I have to compare coordinates in order to get the distance. Therefor i load the data with sc.textFile() and make a cartesian product. There are about 2.000.000 lines in the text
You used data.collect()
in your code which basically calls all data into one machine. Depending on the memory on that machine, 2,000,000 lines of data might not fit very well.
Also, I tried to reduce the number of computations to be done by doing joins instead of using cartesian
. (Please note that I just generated random numbers using numpy and that the format here may be different from what you have.
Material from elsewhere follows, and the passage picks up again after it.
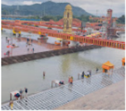
Har Ki Pauri, Haridwar
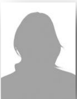
Vacancy Parish Clerk

Still, the main idea is the same.)
import numpy as np
from numpy import arcsin, cos, sqrt
# suppose my data consists of latlong pairs
# we will use the indices for pairing up values
data = sc.parallelize(np.random.rand(10,2)).zipWithIndex()
data = data.map(lambda (val, idx): (idx, val))
# generate pairs (e.g. if i have 3 pairs with indices [0,1,2],
# I only have to compute for distances of pairs (0,1), (0,2) & (1,2)
idxs = range(data.count())
indices = sc.parallelize([(i,j) for i in idxs for j in idxs if i < j])
# haversian func (i took the liberty of editing some parts of it)
def haversian_dist(latlong1, latlong2):
lat1, lon1 = latlong1
lat2, lon2 = latlong2
p = 0.017453292519943295
def hav(theta): return (1 - cos(p * theta))/2
a = hav(lat2 - lat1) + cos(p * lat1)*cos(p * lat2)*hav(lon2 - lon1)
return 12742 * arcsin(sqrt(a))
joined1 = indices.join(data).map(lambda (i, (j, val)): (j, (i, val)))
joined2 = joined1.join(data).map(lambda (j, ((i, latlong1), latlong2)): ((i,j), (latlong1, latlong2))
haversianRDD = joined2.mapValues(lambda (x, y): haversian_dist(x, y))